6. Jesus kicked the businessmen from the woman’s court
It was the policy of the high priest of Jesus’ day to allow people to exchange image-filled money with temple-approved money for sacrifices.  But Jerusalem was short on space, so the high priest allowed the money-changers to conduct their business in the “women’s court”, which was the only part of the temple women were allowed to worship and pray in.  Jesus threw the businessmen out, changing the high priest’s policy, reserving the space of women’s worship to be for them.


7. Jesus called himself a mother hen
In his sorrow over Jerusalem, Jesus proclaimed, “How I longed to gather you as a hen gathers her chicks.”  Not a great blow for feminine equality, but his heart is in the right place.


8. Jesus defended a woman caught in adultery
The famous story about Jesus and the woman caught in adultery is often placed in the book of John, but it doesn’t really belong there.  Some old manuscripts place the same story in Luke, but it doesn’t really belong there, either.  We don’t know where it goes, or if it’s really something Jesus did.  But we think it sound like something Jesus would do.  Why?  Because he defends a woman, who was “caught in adultery”, but the men who brought her didn’t bring the other culprit she was caught with.  Again, Jesus in this story promotes the female principle of forgiveness over punishment.


9. Jesus gave a woman primary place in his gospel
There is only one person whom Jesus guarantees a place in his story: the woman (some say Mary) who anointed his feet and who got yelled for it.  Jesus said, “Wherever the gospel,” (gospel =  good news of victory) “is taught, what this woman did will be told.”  This woman’s act is central to Jesus’ victory over the society of the world.  Partly because it was a woman who did it.  Without women, Jesus recognizes, his story would never be told.


10. Jesus recognized a woman’s gift over the wealthy
In looking at the givers to the Temple, Jesus recognized one person over the rest—a woman who had no standing in society, no way to make money because she had no husband to stand for her.  She gave a small coin, but because it was all she had to live on, Jesus proclaimed her gift the greatest.  (He did not, however, say it was just, as he rebuked those who collected the money as “devourers of widow’s homes.”)

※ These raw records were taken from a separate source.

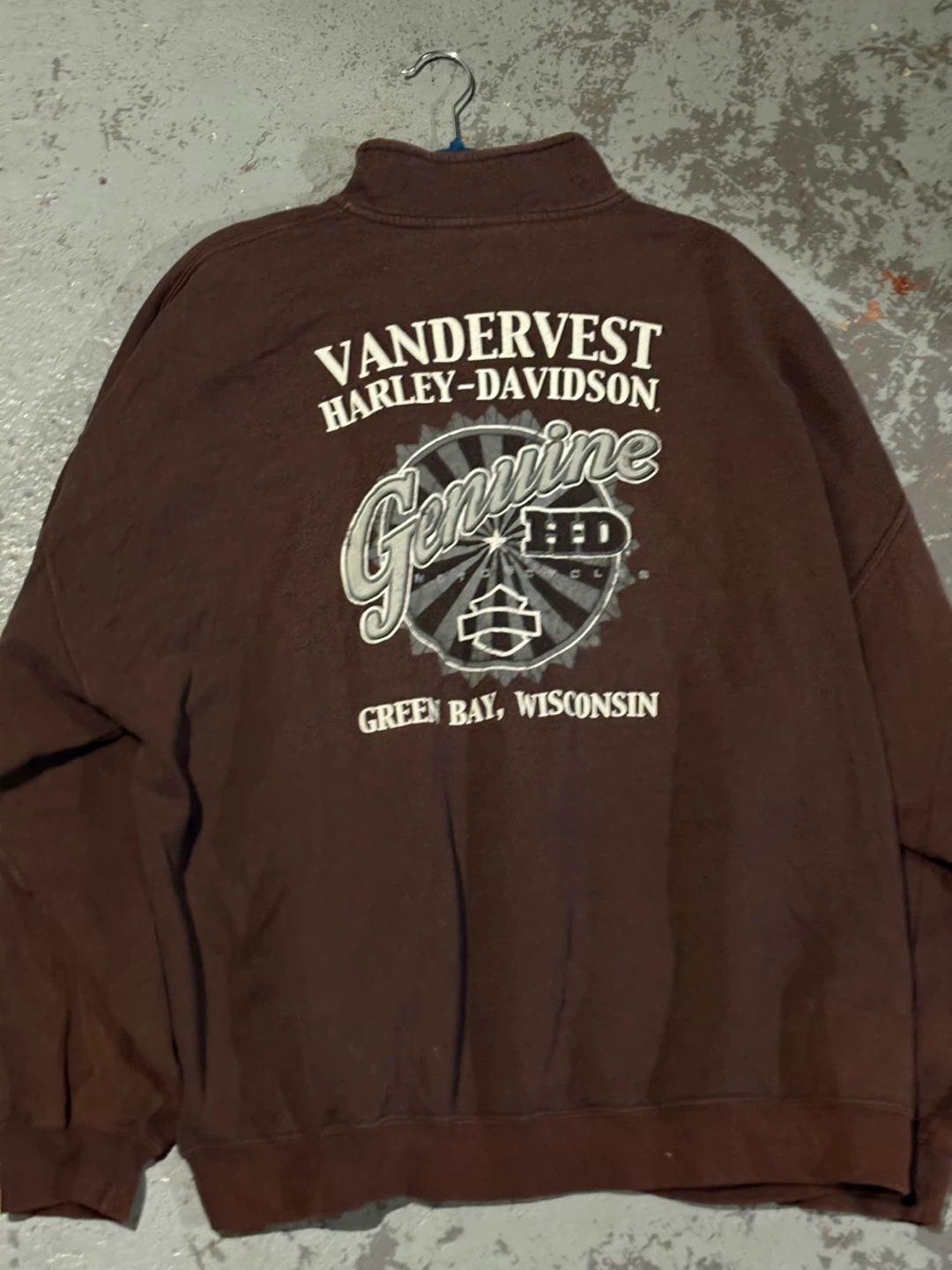 Selling a Harley-Davidson Vandervest quarter-zip sweatshirt. It's a cozy piece with the Harley-Davidson logo and design on the back. Perfect for any Harley enthusiast!
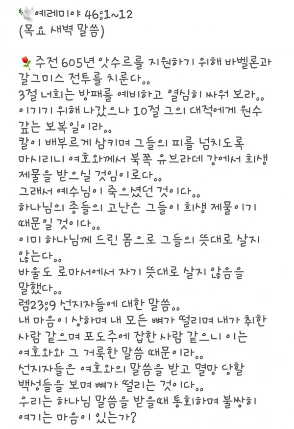 수요 새벽 말씀 11.21.18.
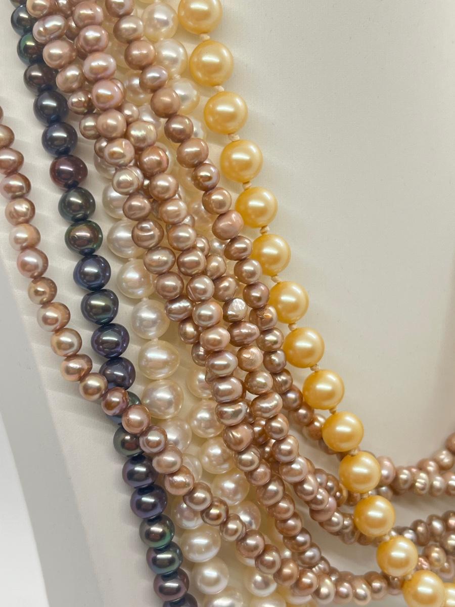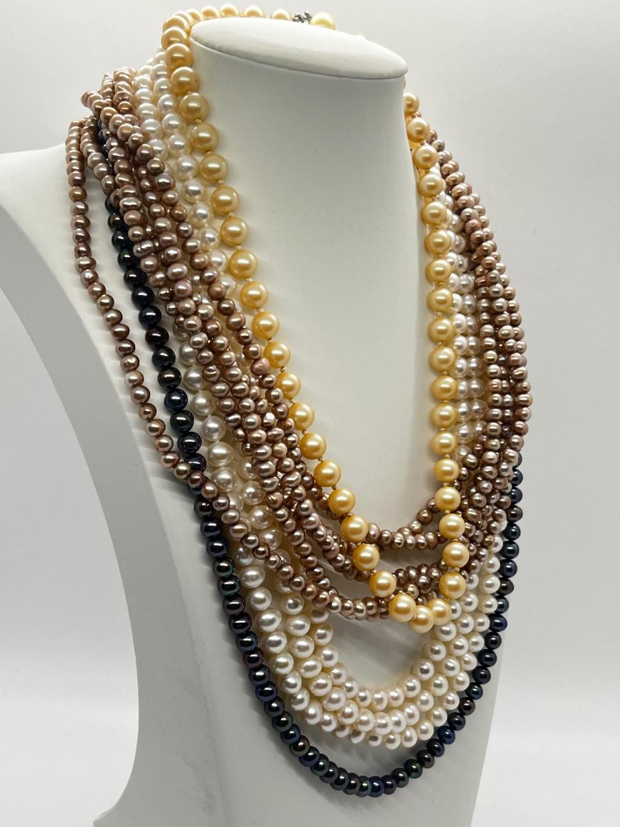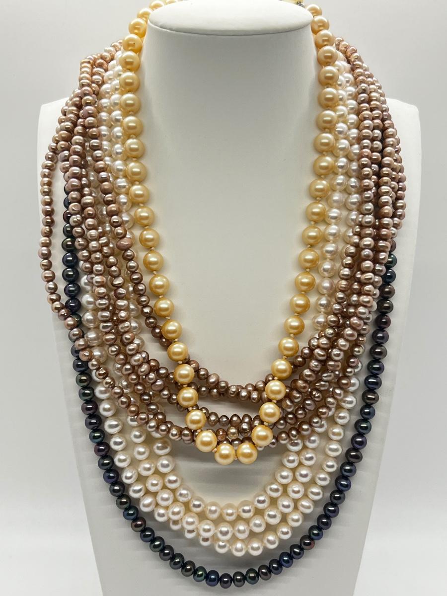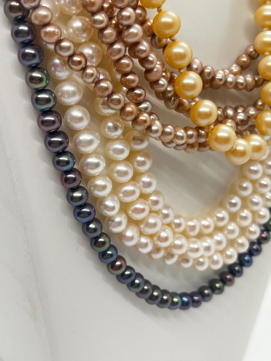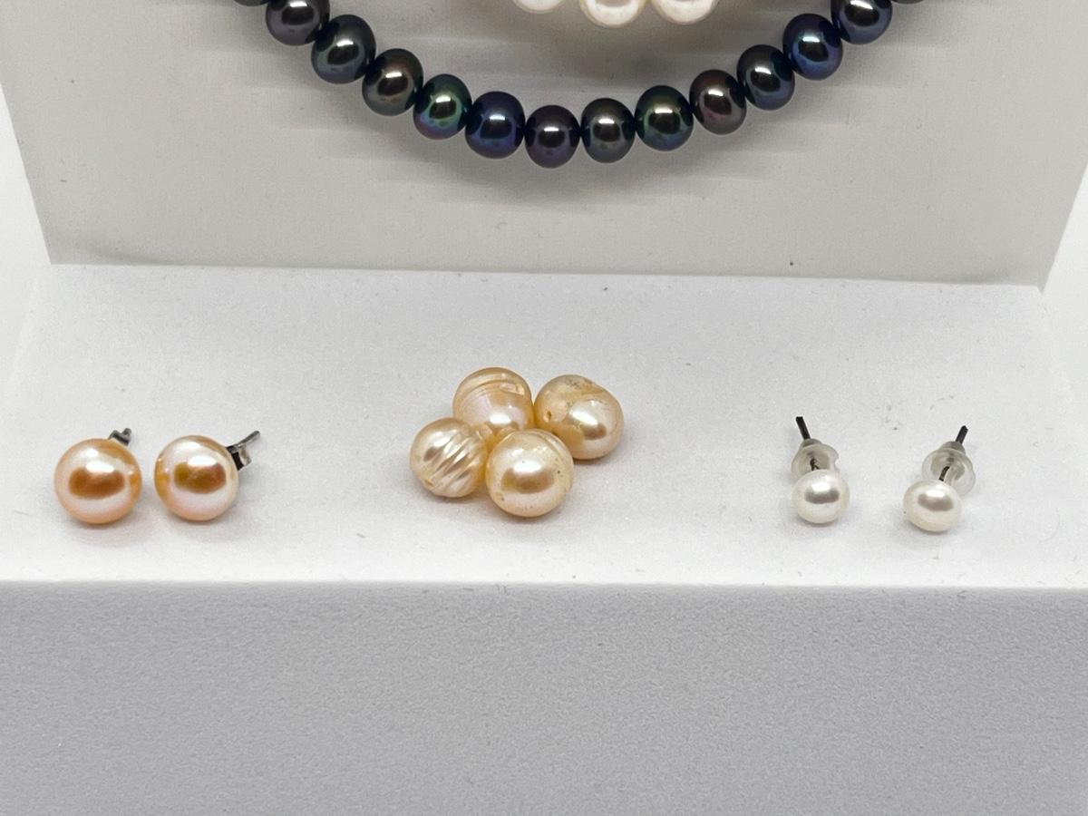 LOT 103J: Pearl Jewelry - 24" Black Pearl Necklace w/ 14K Gold Clasp, 20" Triple Strand and 100" Opera-Length Strand + Earrings
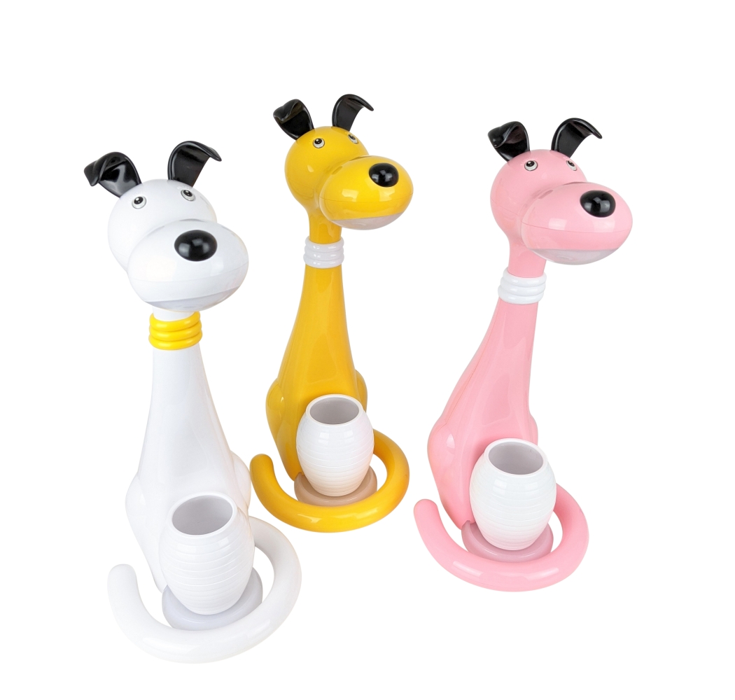 Dino the Dog Desk Lamp is a cute little 6 watt LED desk lamp which comes with a cute little pencil holder. It has a built in dimmer, adjustable via the dogs eyes. It also features colour switching technology allowing you to switch between 3000K Warm White, 4000K Natural White, and 6000K Cool White. It's the perfect study lamp or bedside reading lamps as you can choose the colour temperature you prefer. Another switch operates the little night light at the base of this desk lamp (the base of the cup holder lights up).
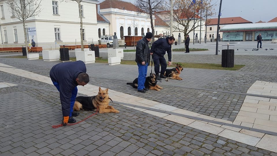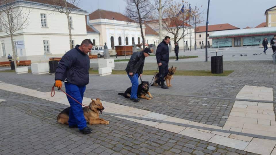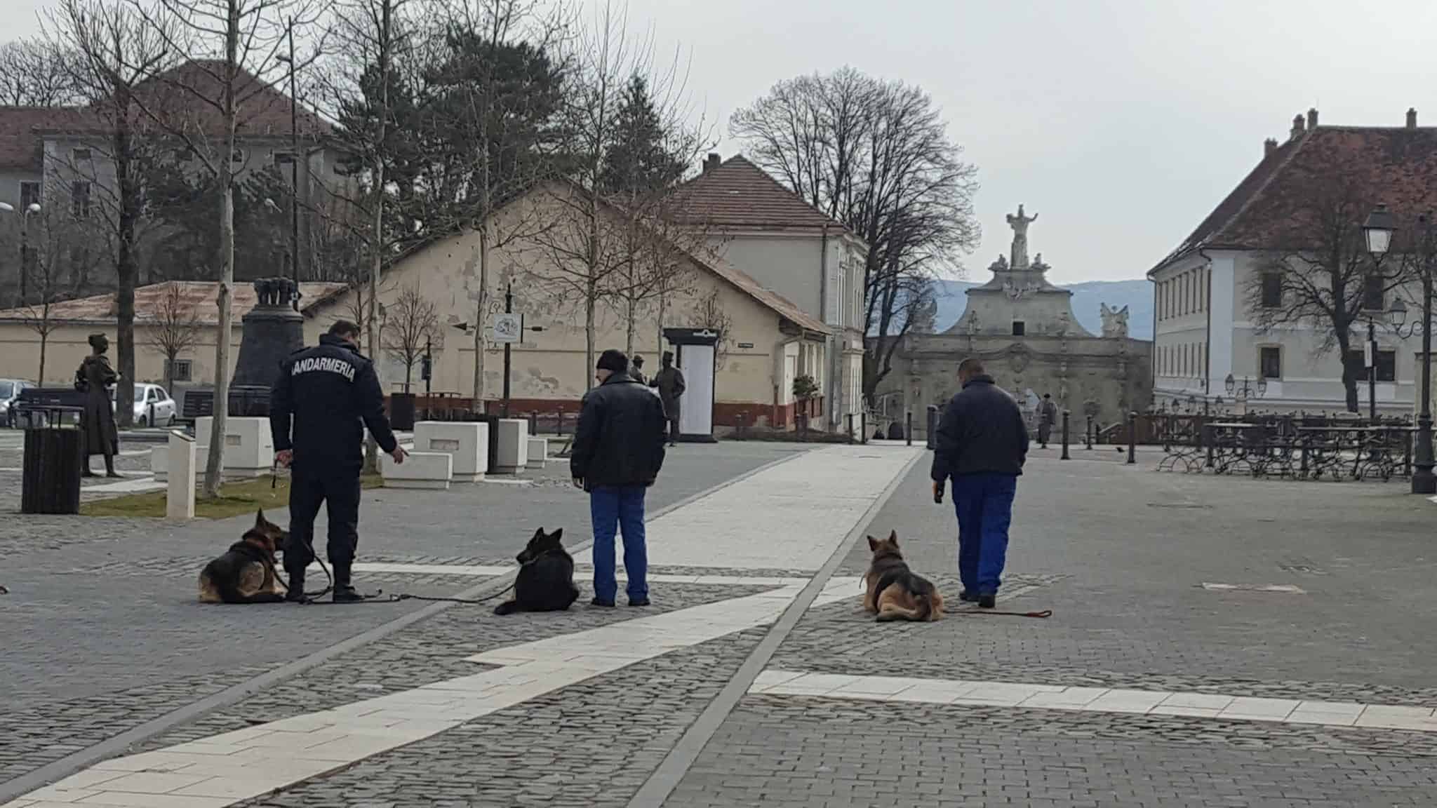 FOTO: Antrenament cu câini pentru Ziua Jandarmeriei Române, în Piața Cetății din Alba Iulia
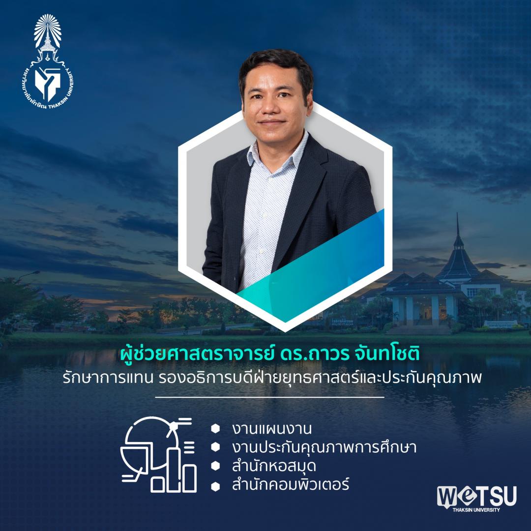 2. ผู้ช่วยศาสตราจารย์ ดร. ถาวร จันทโชติ เป็น ผู้รักษาการแทนรองอธิการบดีฝ่ายยุทธศาสตร์และประกันคุณภาพ
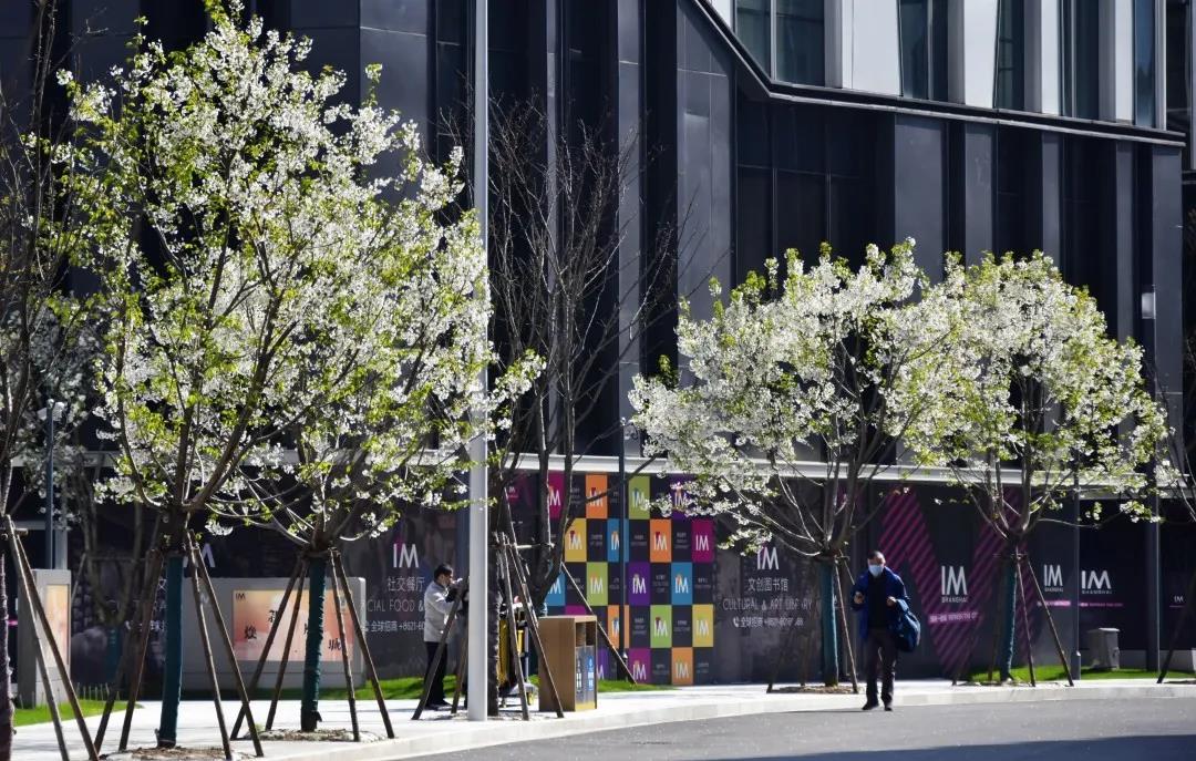 在规划设计的时候,IM Shanghai长宁国际的景观设计团队就根据项目特性,将凯田路设计成“樱花大道”。一方面是出于提升项目本身的绿化品质需求,希望呈现出一个更好的绿化环境;另一方面IM Shanghai长宁国际将围绕凯田路打造一条以美食为主的商业街,希望在项目开业后,能够让商户、顾客、樱花树之间形成一道独特的风景,成为长宁乃至上海的一个网红打卡处,让人与樱花树融入到项目的整体环境中,勾勒出一幅具有独特美感的生活画面。

11. Jesus’ first resurrection witness was a woman

The greatest thing for woman Jesus did was for Mary Magdalene.   She was the first--and for a while, only—witness of Jesus’ resurrection.  This was in a society in which woman couldn’t be a legal witness, where men didn’t have to believe women’s testimony.  But Mary was the one Jesus trusted to tell the story without twisting it.  No matter what, every man who told the story had to admit that a woman knew about Jesus’ resurrection before anyone else.  That she had to tell them, because they were in the dark.  This is a fitting beginning to a society built upon equity.

Too bad it fell from that lofty position so quickly and firmly.